WE've had microwaves put in all our caravans and Motorhomes for about the last 15 years. Quite simply we get the Dealer to replace the oven with a cheapy microwave (plus another 230v socket) as part of the deal. Like you we have a french-based vehicle so that shoujldn't be a problem.

If you want to kepp your oven then by definition you'll use up storeage space if you need to have the microwave fitted.

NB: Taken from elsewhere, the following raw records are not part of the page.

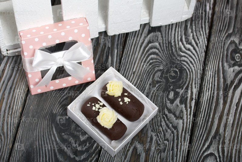 Пирожное картошка. Украшен сливочным кремом. В подарочной коробке. На фоне черных сосновых досок. Снято крупным планом
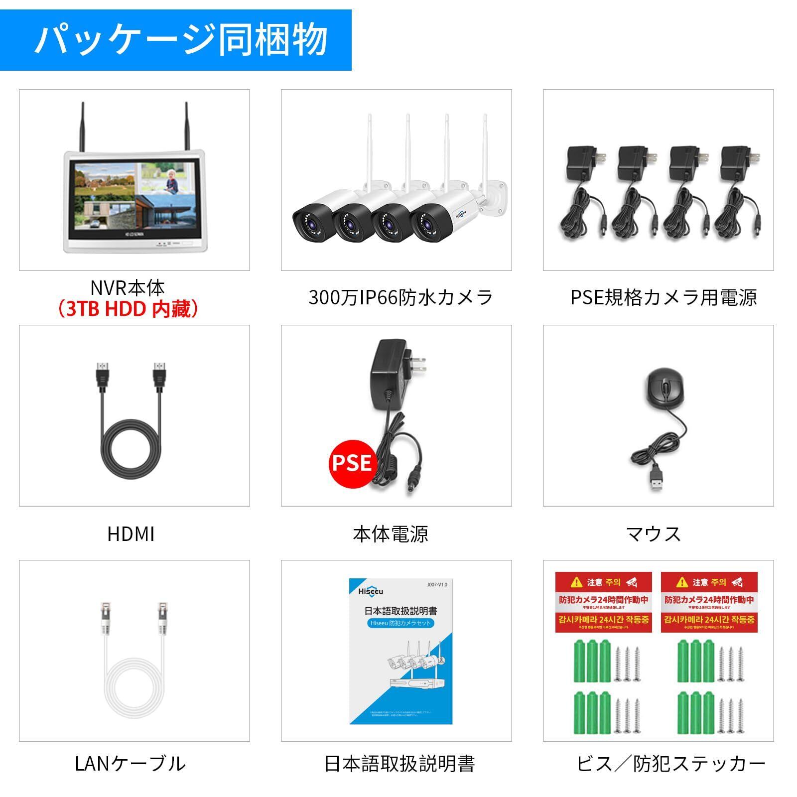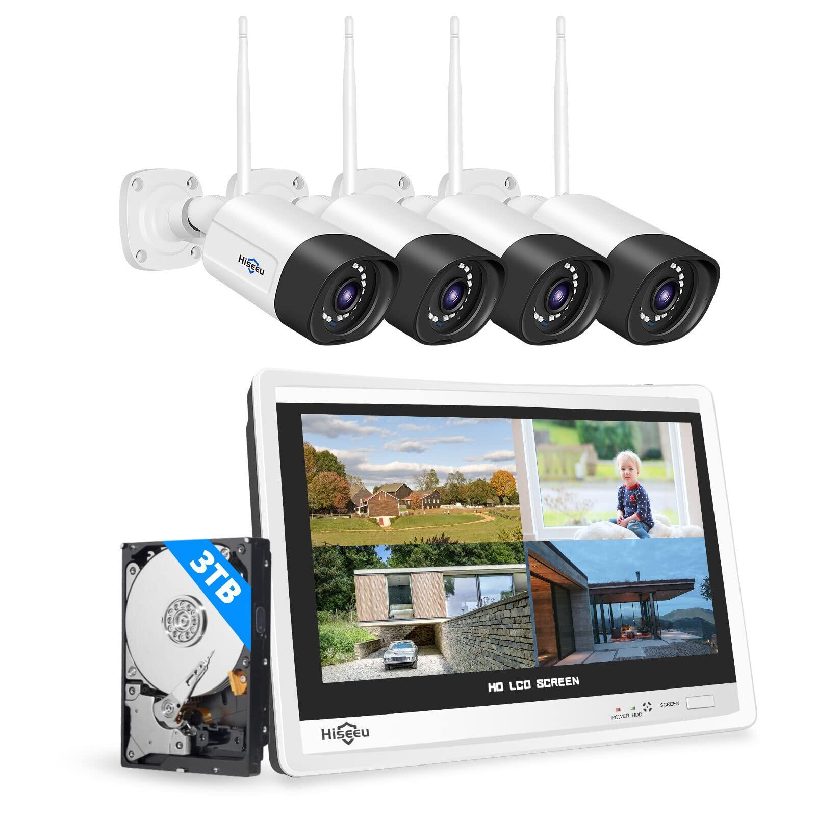 【在庫セール】【双方向の音声・3TB HDD内蔵 】防犯カメラ ワイヤレスHiseeu 12インチLCD液晶モニタ一体型NVR 1920P 500万画素ワイヤレスカメラ4台セット 10チャンネルまで増設可 遠隔監視 防水等級ip66 AI動体検知 屋内/屋外 セキュリティ 防犯カメラ (500万画素カメラ4台+12インチ液晶一体型NVR 3TBHDD内蔵) | paghag
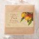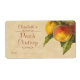 Un ilustracion de melocotones con hojas verdes, en un fondo beige con texto de color russet, hecho de una pintura vintage. La etiqueta está preparada para el envasado o embotellado de mermeladas caseras, gelatinas y conservas. Puedes dejar el espacio de fecha para escribir, o cambiar a la fecha en que se hizo tu mermelada o jalea.
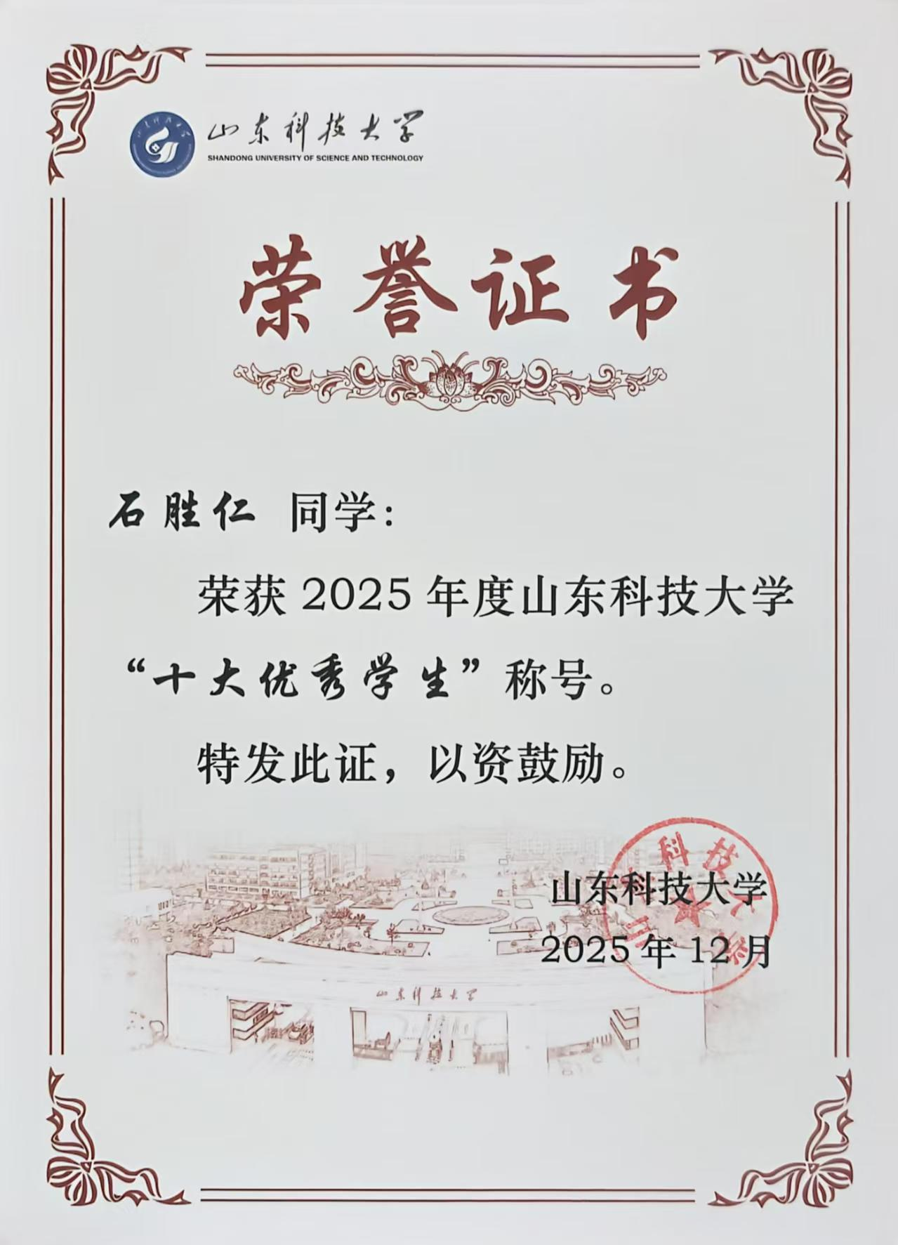 石胜仁同学获评草榴 “十大优秀学生”荣誉称号
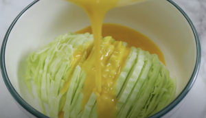 Zetrzyj ser i posiekaj kiełbasę. Kapustę należy odsączyć po wypłukaniu pod bieżącą wodą. W misce ubij dwa jajka z solą i pieprzem, a następnie dodaj je do kapusty.

(One dealer fitted a microwave which was all singing & dancing and was better than the one in kitchen at home so we bought a thirty quid one from Argos and swopped them over :lol: )


----------



## maddie

I would imagine the dealer would jump at the chance to swap a £200 oven for a £30 microwave :lol: If going down this route make sure he gives you the removed oven :lol: 
terry


----------



## lifestyle

In our mh, it is fitted in the cupboard above the cooker,and our new one is the same ( when we get it ) but if you have a garage just buy a cheapy from Tesco`s .
They do look nice built in


Les


----------



## Telbell

> I would imagine the dealer would jump at the chance to swap a £200 oven for a £30 microwave Laughing If going down this route make sure he gives you the removed oven Laughing
> terry
> 
> See the point you're making terry & we did that once but couldn't get rid of it. As most mhomes come with an oven there wasn't a market for it.
> 
> Some mhomes provide microwaves as optional extra or part of a "package" (Swift??) but I believe they're fitted in a cupboard which would otherwise bne used as storeage of kitchen stuff


----------



## maddie

:lol: there's a whole world of self builders out there who would jump at a cheap oven :lol: 

terry


----------



## Telbell

> Laughing there's a whole world of self builders out there who would jump at a cheap oven Laughing


I'll remember that next time we buy :lol:


----------



## sirhandel

I'm taking delivery of a 783F on 9th May and Brownhills are fitting a double mains socket in the wardrobe so I can fit a microwave low down. The wife insists on having a microwave and is willing to give up some wardrobe space so her choice! I thought maybe could arrange some hanging space in the garage for clothes with covers? Anyone tried this?


----------



## androidGB

sirhandel said:


> I'm taking delivery of a 783F on 9th May and Brownhills are fitting a double mains socket in the wardrobe so I can fit a microwave low down. The wife insists on having a microwave and is willing to give up some wardrobe space so her choice! I thought maybe could arrange some hanging space in the garage for clothes with covers? Anyone tried this?


Or you could put the microwave in the garage

Andrew


----------



## scottie

Hi
We have just a new to us hymer,i intend to fit a microwave in the tv cubard,that will still leave room for a flat screen tv.

scottie


----------